Even the Talmud tells of a young woman's ghost, hovering over her grave and beseeching a visitor to the cemetery: "Tell my mother to bring me my comb and mascara stick!"

Rashi's comment is that having died young, the girl missed her comb. The first time I heard that story, it struck fear into my heart. Did this mean that whatever was on my mind today would be on my mind for eternity? It seemed like a good definition of Gehinnom [Hell].

 

* * *

 

One recent winter evening, seated at my desk, I happened to glance over at the lampshade just as a housefly landed on the translucent white fabric, and was about to shoo it away with a flick of my wrist when my ordinary habits of perception, caught off-guard, were suspended for a few moments. The dirty, germ-laden housefly, whose presence I abhorred, was illuminated from behind, and transformed.

Parked on the lampshade a few inches away was a tiny perpetual-motion creature straight out of science-fiction, with hugely outsize round eyes glowing like emerald-green jewels; the multi-jointed busy back-legs planted firmly upon the white light, as delicately weightless as black thread, and all their black hairs a-quiver as the exquisite forelegs, like busy tiny hands, were cleaning, cleaning, cleaning: cleaning his face, like a tiny man in a speeded-up film, scrupulously, meticulously wiping his hands after a tasty supper, silver wings beating as invisibly as a hummingbird's in stationary flight.
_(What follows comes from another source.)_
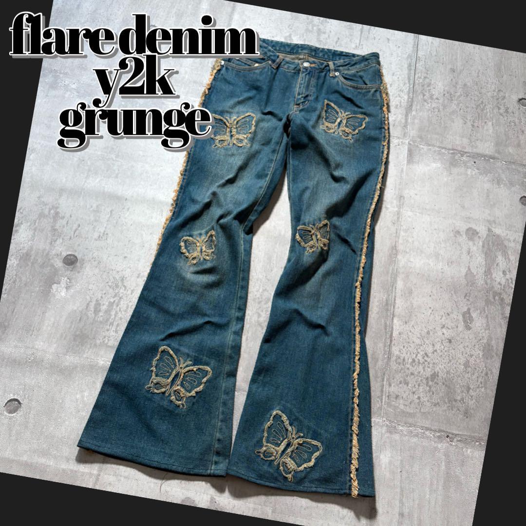 - y2k flare denim pants butterfly fringe

He was a fabulously magical, unworldly, hairy little machine, mathematically precise and perfect and elegant in his every teeny-tiny detail, a thousand times too fast and complicated and intricate to follow. He was grooming himself, grooming himself, grooming himself. Then with a buzz he flew away.

Where was the housefly I was about to swat?

A few days later, a ragged-looking orange cat out by the garbage bins caught my eye as she groomed herself, licking toes and ears and tail.

Grooming, grooming, grooming. Like the housefly and the cat, we have been instilled with this instinct by our Creator but like any other facet of our personalities, it's up to us to channel the impulse, to voluntarily impose a limit on the amount of time and thought we accord it during our brief sojourn here on earth. We needn't get rid of the grooming instinct, but do have to exert control if we're not to be controlled. Like every other good thing, it has the power to draw us closer to the Almighty or God forbid, farther away. It can help us to fulfill our life-mission, or eventually take up so much room in our thoughts that we'll be missing it in the grave.

The Midrash teaches that all human souls were fashioned on the day the world was created, in the precise form and image they assume when they descend to earth. We know without being told, of course, that the Divine Image doesn't refer to anything physical…that we're most human when we're most divine. But to live accordingly is a daily victory.

Thank God for aging! What a clever system! For as we "lose everything beautiful the body," we're forced finally to celebrate: It's the love in a face that makes it beautiful. It's by emulating God's love that we'll find the love we're seeking, and in imitating our Creator that we become ourselves.